Instructions to follow: Where the listing below has a line with "Tối ngày 10/12/2020, trong", write out exactly that line and every line after it, stopping after the line with "Featuring a white".

--- Data for this task Enclosed Below ---

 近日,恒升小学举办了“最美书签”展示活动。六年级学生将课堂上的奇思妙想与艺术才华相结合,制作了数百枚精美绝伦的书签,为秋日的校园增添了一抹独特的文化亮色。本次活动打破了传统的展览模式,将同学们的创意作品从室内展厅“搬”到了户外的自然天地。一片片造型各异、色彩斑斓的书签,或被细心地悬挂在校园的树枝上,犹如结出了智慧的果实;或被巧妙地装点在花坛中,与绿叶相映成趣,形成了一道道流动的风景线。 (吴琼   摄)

--- End of Enclosed Data for this task ---
--- Data for this task Enclosed Below ---

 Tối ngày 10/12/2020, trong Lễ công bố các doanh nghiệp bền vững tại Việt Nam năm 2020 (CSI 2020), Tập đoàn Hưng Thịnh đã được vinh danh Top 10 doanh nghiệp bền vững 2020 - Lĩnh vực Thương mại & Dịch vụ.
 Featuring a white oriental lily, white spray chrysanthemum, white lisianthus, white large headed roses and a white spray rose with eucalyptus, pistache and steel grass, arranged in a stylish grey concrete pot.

--- End of Enclosed Data for this task ---

Problem solution:
 Tối ngày 10/12/2020, trong Lễ công bố các doanh nghiệp bền vững tại Việt Nam năm 2020 (CSI 2020), Tập đoàn Hưng Thịnh đã được vinh danh Top 10 doanh nghiệp bền vững 2020 - Lĩnh vực Thương mại & Dịch vụ.
 Featuring a white oriental lily, white spray chrysanthemum, white lisianthus, white large headed roses and a white spray rose with eucalyptus, pistache and steel grass, arranged in a stylish grey concrete pot.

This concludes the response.